* _EXERCISE INSTRUCTIONS_
Extract, in full, the lines below, beginning at the first and ending with the line that contains "铁路部门将对旅客列车运行图进". Pictures do not belong in the copy.

§

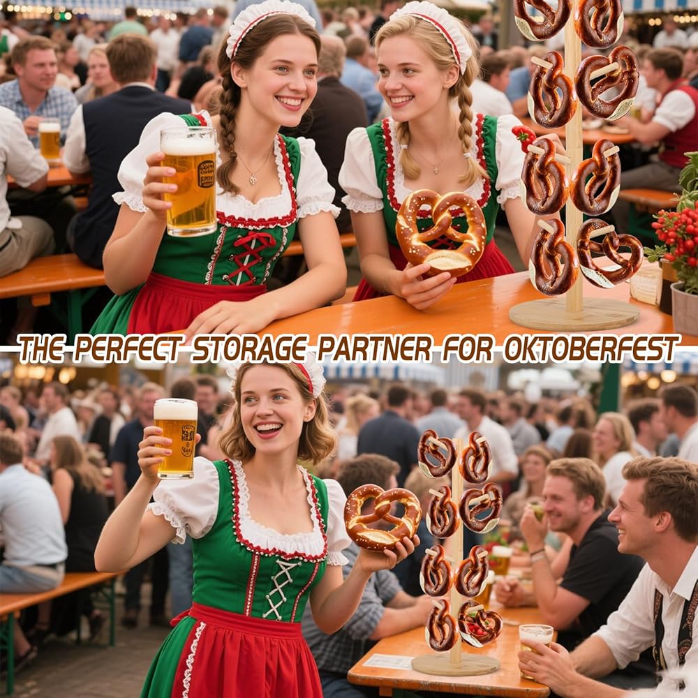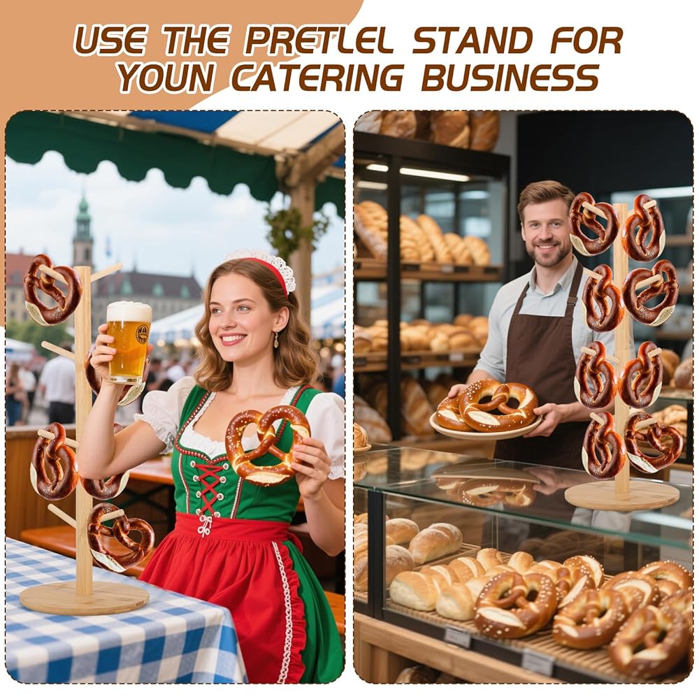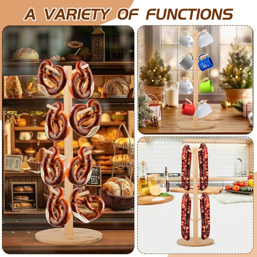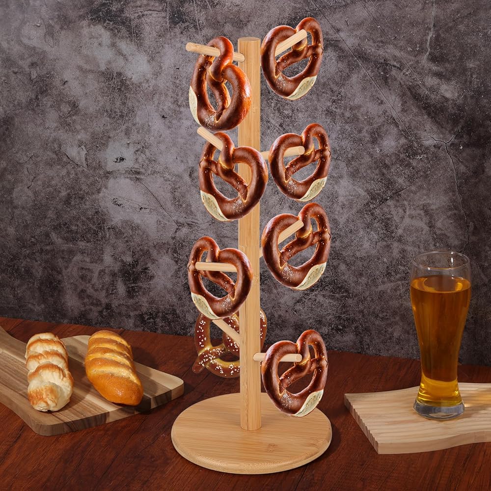 【Wide Application】 This bagel stand is ideal for Oktoberfest celebrations, parties, family gatherings, bakeries, or catering events—and just as handy for everyday kitchen use. This versatile stand works beautifully as a pretzel holder, mug tree, bagel rack, bread display, or party serving rack, blending function with rustic charm.
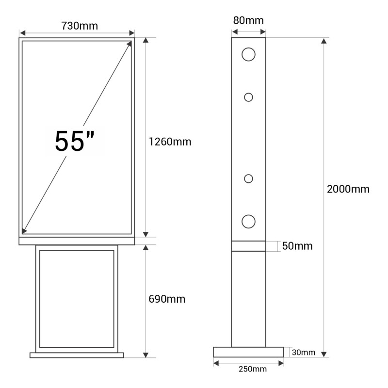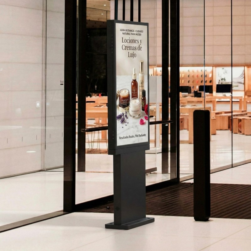 Ce totem est idéal pour être installé dans des endroits tels que les rues, les entrées de magasins ou les centres commerciaux, où il y a beaucoup de passage, afin de maximiser sa visibilité et son impact.
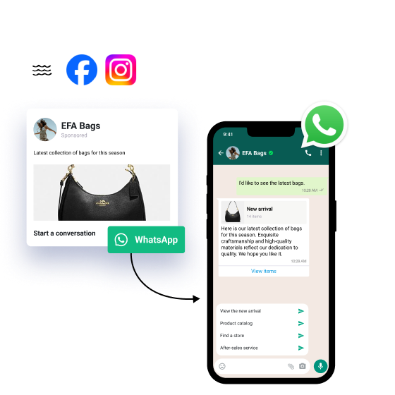 Maximiza la utilización de los anuncios de clic para WhatsApp mostrados en Facebook e Instagram. ¡Crea 3 veces más conversiones de negocios y acelera el crecimiento de ingresos!
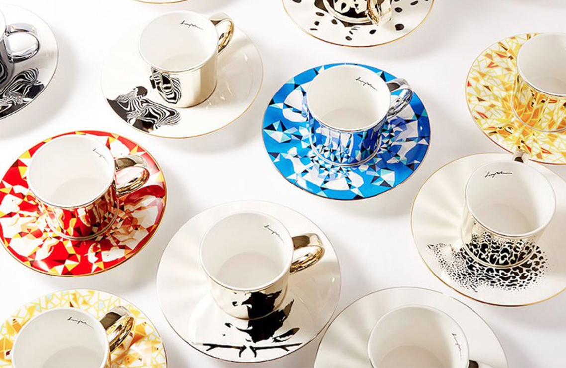 將杯子放在茶托上,杯子上的24面鏡子就會反射出來,茶托上隱藏在圖案中的圖像便會反覆出現商品規格。
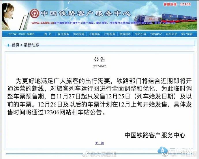铁路部门将对旅客列车运行图进行全面调整优化,为此临时调整车票预售期,自11月27日起只发售12月25日(列车始发日期)及以前的车票。12月26日及以后车票计划在12月上旬开始发售,具体发售时间将通过12306网站和车站公告。扩散周知!
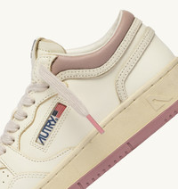 Med-Way is Autry’s new model—an evolution of the classic Medalist, distinguished by its slightly higher collar. Crafted from soft ivory white leather with branded details on the side and tongue, this women’s sneakers captures the brand’s ‘80s tennis spirit and reinterprets it with streetwear proportions for a fresh take on style and comfort. Updated with modern proportions and premium materials, it delivers maximum comfort thanks to the perforated toe designed for enhanced breathability, and the rubber sole that supports every step. Standout features include the two-tone sole with a tread matching the padded collar and refined crackle-effect leather inserts at the back, for a cutting-edge look. SPECIFICATIONS: - Upper in leather. - Micro-perforated toe. - Flat laces in cotton. - Logo label detailing seamed at the tongue. - Padded collar. - Leather and cotton terry lining. - 2 cm-high raised sockliner in leather. - Rubber sole. - Height of sole: 2.5-3.5 cm. - Personalized shoe bag in fabric. SPECIFICATIONS: Upper: 100% leather Lining: 40% leather, 50% cotton terry, 10% nylon Sole: 100% rubber

§

* _YOUR SOLUTION_
 【Wide Application】 This bagel stand is ideal for Oktoberfest celebrations, parties, family gatherings, bakeries, or catering events—and just as handy for everyday kitchen use. This versatile stand works beautifully as a pretzel holder, mug tree, bagel rack, bread display, or party serving rack, blending function with rustic charm.
 Ce totem est idéal pour être installé dans des endroits tels que les rues, les entrées de magasins ou les centres commerciaux, où il y a beaucoup de passage, afin de maximiser sa visibilité et son impact.
 Maximiza la utilización de los anuncios de clic para WhatsApp mostrados en Facebook e Instagram. ¡Crea 3 veces más conversiones de negocios y acelera el crecimiento de ingresos!
 將杯子放在茶托上,杯子上的24面鏡子就會反射出來,茶托上隱藏在圖案中的圖像便會反覆出現商品規格。
铁路部门将对旅客列车运行图进行全面调整优化,为此临时调整车票预售期,自11月27日起只发售12月25日(列车始发日期)及以前的车票。12月26日及以后车票计划在12月上旬开始发售,具体发售时间将通过12306网站和车站公告。扩散周知!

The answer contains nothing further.